И вот именно поэтому так называемая «критика» и не сочла нужным «Князя Серебряного» заметить и отметить должным образом. И долгое, очень долгое время, о романе более упоминали, нежели читали и всерьез разбирали. Ну, понятно, либеральной интеллигенцией подобные произведения не принимались в принципе, помилуйте, никакой крамолы, никакой клубнички, «об чем же тут читать?». Этой братии свергнуть бы кого, поерничать над святынями, оппозицию затеять. Вот и дозатевались в итоге до государственных переворотов, а потом в эмиграции лицемерно вздыхали «об утраченном»... Впрочем, об этом в другой раз. Аз же, грешный, почитаю роман сей краеугольным камнем во всем творчестве графа Алексея Константиновича, и числю как откровенную и талантливую удачу. Эту книгу хочется время от времени перечитывать, что немаловажно, как ее характеристика.
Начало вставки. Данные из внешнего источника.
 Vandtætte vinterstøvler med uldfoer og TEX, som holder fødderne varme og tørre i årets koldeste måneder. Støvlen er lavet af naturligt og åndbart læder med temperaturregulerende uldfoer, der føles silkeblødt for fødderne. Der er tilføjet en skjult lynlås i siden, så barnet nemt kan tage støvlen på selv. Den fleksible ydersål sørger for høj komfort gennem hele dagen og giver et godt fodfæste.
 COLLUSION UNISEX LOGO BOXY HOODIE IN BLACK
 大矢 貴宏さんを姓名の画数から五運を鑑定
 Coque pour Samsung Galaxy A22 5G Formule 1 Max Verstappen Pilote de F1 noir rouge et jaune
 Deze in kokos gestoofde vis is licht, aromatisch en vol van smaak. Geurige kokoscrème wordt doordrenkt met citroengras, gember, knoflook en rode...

И совершенно не зря она была практически сразу же рекомендована юным читателям. Честность и верность во все времена непререкаемо почитаемы и достойны подражания.
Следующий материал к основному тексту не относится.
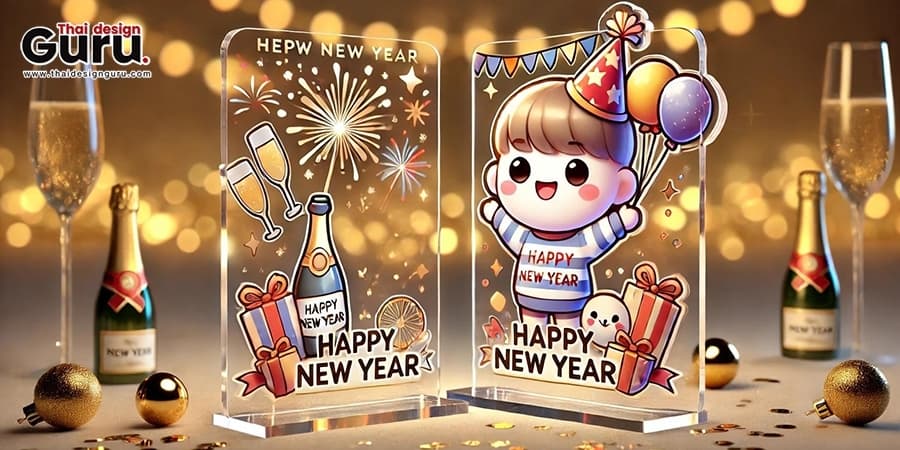 ตัวอย่างไอเดียที่หลายคนเอาไปใช้ได้ เช่น การออกแบบอะคริลิคสแตนดี้ในธีมปีใหม่ที่มีการออกแบบสดใสและเต็มไปด้วยความสนุกสนาน สแตนดี้พร้อมโลโก้ มีภาพตัวการ์ตูนเด็กน่ารัก สวมหมวกปาร์ตี้ ล้อมรอบด้วยลูกโป่ง ของขวัญ และองค์ประกอบเฉลิมฉลอง พร้อมข้อความ “Happy New Year” ส่วนอีกอันมีธีมการเฉลิมฉลองที่มีแก้วแชมเปญ ขวดแชมเปญ พลุ และกล่องของขวัญ พร้อมคำอวยพรปีใหม่เช่นกัน ไม่เพียงแต่เทศกาลสากลที่ได้รับความสนใจเท่านั้น เทศกาลไทยก็สามารถนำมาเป็นไอเดียสั่งทำของที่ระลึกได้เช่นกัน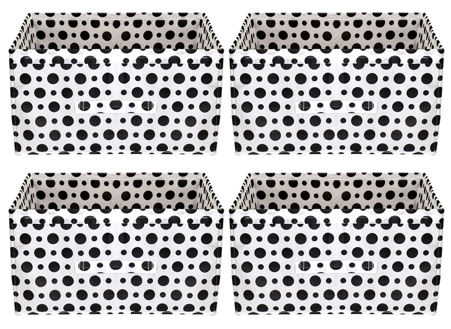 Kuber Industries Dot Printed Printed Multipurposes Rectangular Flodable Storage Box, Drawer Storage and Cloth Organizer- Pack of 4 (Black & White)-HS43KUBMART26347
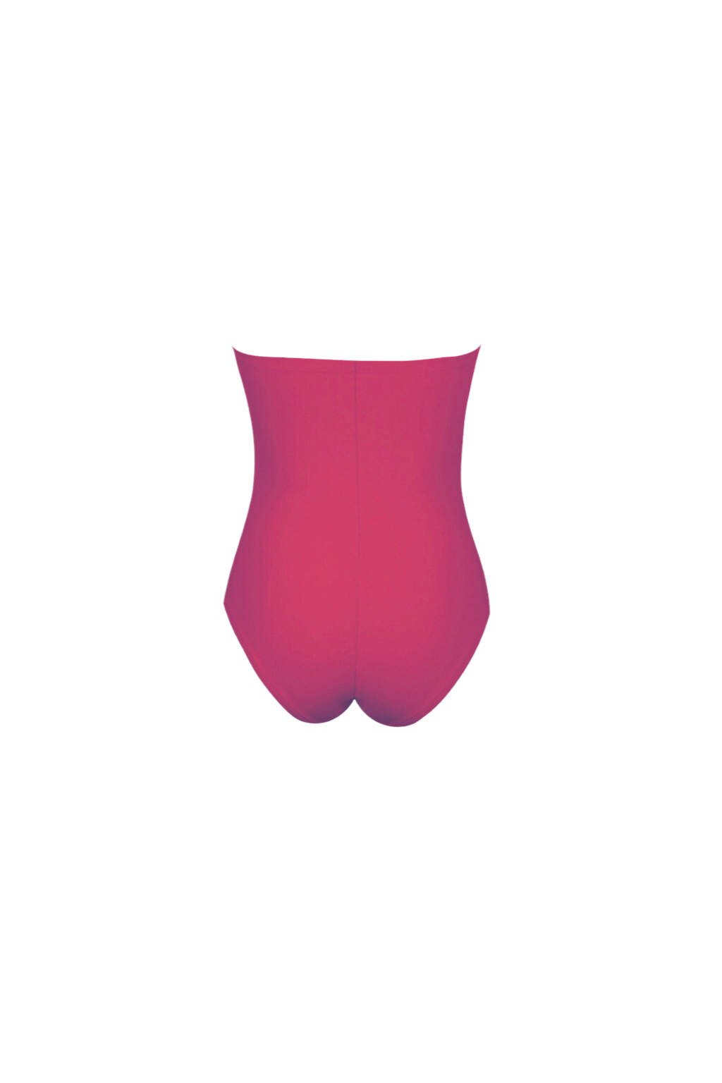 Sometimes basic is beautiful. The label is renowned for its pioneering construction, note the signature Xtra Life LYCRA® fibers for superior stretch and recovery. Flattering ruching detail down center front makes this extra special. For those reticent about a strapless neckline, the bust features shelf bra with no slip silicone band. Full coverage at rear. Swim wardrobe staple that doubles as a pretty body suit with a skirt.

Итак, роман написан, и в следующем, 1863 году, граф Толстой наконец-то, после двенадцати лет ожидания, венчается с Софьей Андреевной Миллер (Бахметьевой). Такое вот интересное совпадение, и у Алексея Константиновича, и у Льва Николаевича жены — Софьи Андреевны. Наверняка женитьба стала источником дополнительных творческих сил и А. К. Толстой приступает к созданию трилогии о последних Рюриковичах на престоле, ставшей, пожалуй, самым масштабным из его литературных свершений. И вновь, в июле 1864 года, первыми слушателями «Смерти Иоанна Грозного» становятся государыня императрица Мария Александровна и ее свита. Через два года трагедия печатается в «Отечественных записках» и еще через год с большим успехом ставится на сцене Александринского театра в Санкт-Петербурге. До 1870 года А. К. Толстой создает последующие произведения Трилогии: «Царь Федор Иоаннович» и «Царь Борис». Современники считали трилогию главным успехом писателя, она принесла ему и международную известность, будучи практически сразу же переведена на немецкий язык. Следует заметить, что уже много позже, спустя почти четверть века после смерти автора, постановкой трагедии «Царь Федор Иоаннович» был в 1898 году открыт Московский художественный театр. Эту часть трилогии вообще почитают наиболее удачной, графу Толстому очень удался образ царя Федора, его психологический портрет человека не простого и неоднозначного, и отнюдь не слабоумного дурачка, как очень любили трактовать о нем даже некоторые солидные историки.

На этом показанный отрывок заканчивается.